Jakarta – Sebuah tembok pembatas sepanjang 30 meter di Jalan Cempaka 1 RT 03 RW 09, Cakung Timur, Cakung, Jakarta Timur, dilaporkan ambruk pada Rabu, 28 Januari 2026. Peristiwa ini menyebabkan sebagian puing menghantam turap di seberang lokasi dan lahan kosong di bawahnya. Proses evakuasi puing-puing tembok tersebut telah dimulai.
Petugas Penanganan Prasarana dan Sarana Umum (PPSU) Cakung Timur, Marzuki (40), menyatakan bahwa tahap awal penanganan difokuskan pada pembersihan sampah dan puing yang menyumbat saluran air. “Saya melihat tembok pembatas itu sudah roboh. Tahap awal, kita membersihkan sampah dan sebagian puingnya yang menyumbat saluran ini,” ujar Marzuki, dilansir Antara, Kamis (29/1/2026).
Pihak Kelurahan Cakung Timur mengerahkan tujuh personel PPSU untuk membantu penanganan awal. Namun, untuk pengangkutan puing yang lebih besar, alat berat akan dikerahkan dan penanganannya akan diserahkan kepada pengelola Jakarta Garden City (JGC) selaku pemilik tembok. “Kita hanya bantu penanganan awal, untuk selanjutnya diserahkan pada Jakarta Garden City (JGC) karena harus menggunakan alat berat,” kata Kepala Seksi Perekonomian dan Pembangunan Kelurahan Cakung Timur, Andreas Dwi Mulyanto.

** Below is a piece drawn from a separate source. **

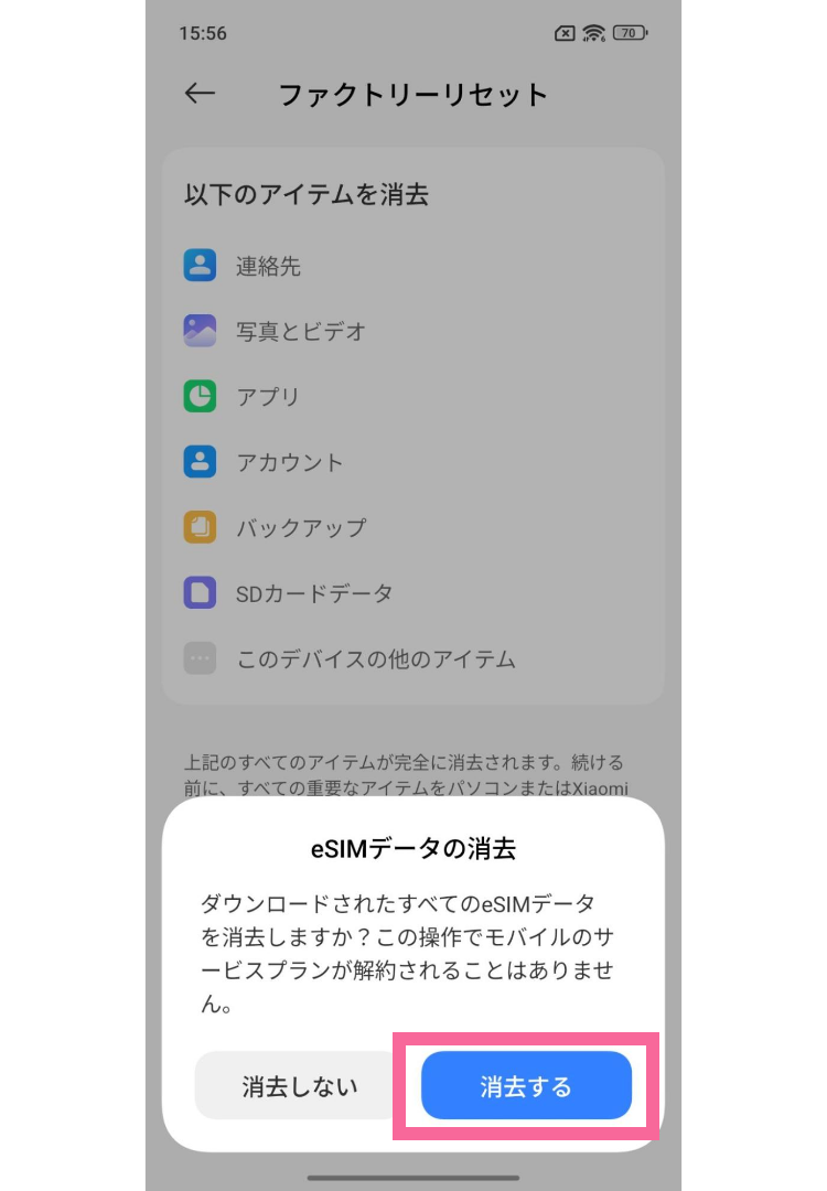 つづいて、「eSIMデータの消去」のポップアップが表示されるので「消去する」をタップ

Penanganan juga melibatkan tim dari pengelola JGC dan Satuan Tugas (Satgas) Sumber Daya Air (SDA) Kecamatan Cakung. Kepala Satuan Pelaksana SDA Kecamatan Cakung, Dian Nur Cahyono, menekankan pentingnya pembersihan puing untuk mencegah penyumbatan saluran air. “Kita kerahkan 12 personel Satgas SDA untuk penanganan, yaitu seluruh puing, baik batu kali, tembok pembatas maupun tanah merah, dibersihkan dari dasar saluran air,” ungkap Dian.

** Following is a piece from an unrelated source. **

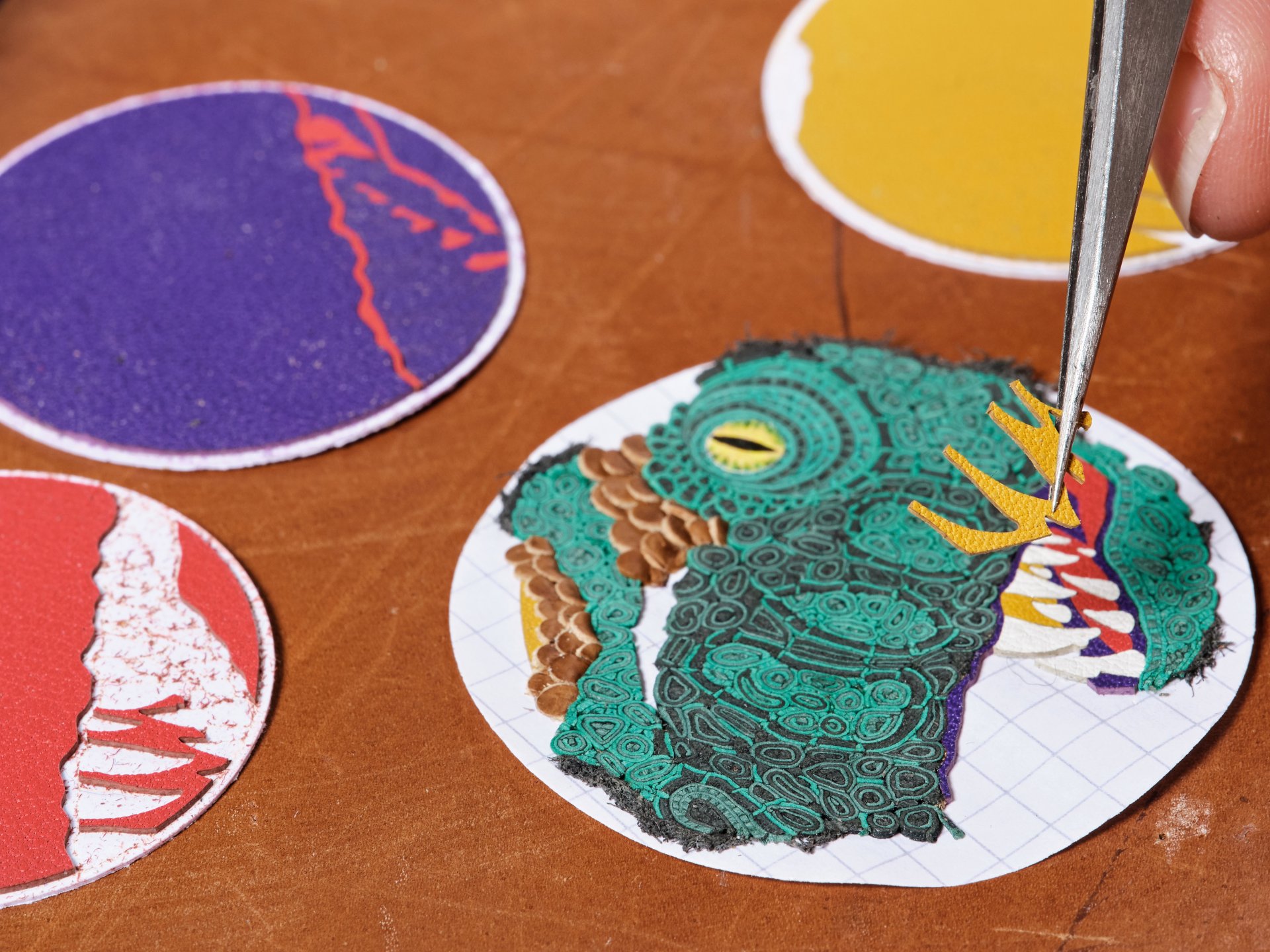การออกแบบไทแรนโนซอรัสที่ดูเหมือนการมองเห็นมันผ่านช่องหน้าต่างวงกลม โดดเด่นเหนือฝาครอบและเชื่อมโยงถึงการผสมผสานทักษะความชำนาญที่หลากหลาย ส่วนหัวและเกล็ดรังสรรค์จากหนังด้วยเทคนิคโมเสก: ชิ้นส่วนของหนังหลากสีที่ตัดเย็บด้วยมืออย่างประณีตหลายพันชิ้นถูกประกอบเข้าทีละชิ้นเพื่อสร้างลวดลายดั้งเดิมได้อย่างไม่น่าเชื่อ ดวงตาทรงโดมของไดโนเสาร์มองเห็นได้จากทั้งสองด้านของฝาปิด รังสรรค์จากลงยาเทคนิค กรองด์ เฟอ (Grand Feu) เจียระไนทรงหลังเบี้ย ส่วนขากรรไกรและลิ้นสร้างสรรค์จากงานตัดต่อลายจากแผ่นหนัง: ชิ้นหนังชั้นดีที่ตัดจากหนังหลากสีสัน จากชิ้นหนังที่มีความบางเฉียบเพียง 0.5 มิลลิเมตร นำมาวางบนฐานลงยา ให้สัมผัสของงานศิลปะจากหนังขนาดย่อส่วน จับคู่กับสายหนังจระเข้สีเขียวที่ยึดกับข้อต่อทรงโกลนสี่เหลียมและขับความโดดเด่นให้กับงานออกแบบโดยรวม

Ia menambahkan bahwa jika puing dibiarkan terlalu lama, dikhawatirkan akan mengganggu sistem aliran air dan memicu genangan di permukiman warga. Tidak ada korban jiwa dalam insiden ini. Pembersihan puing ditargetkan selesai dalam tiga hari ke depan sebelum diserahkan sepenuhnya kepada pihak JGC.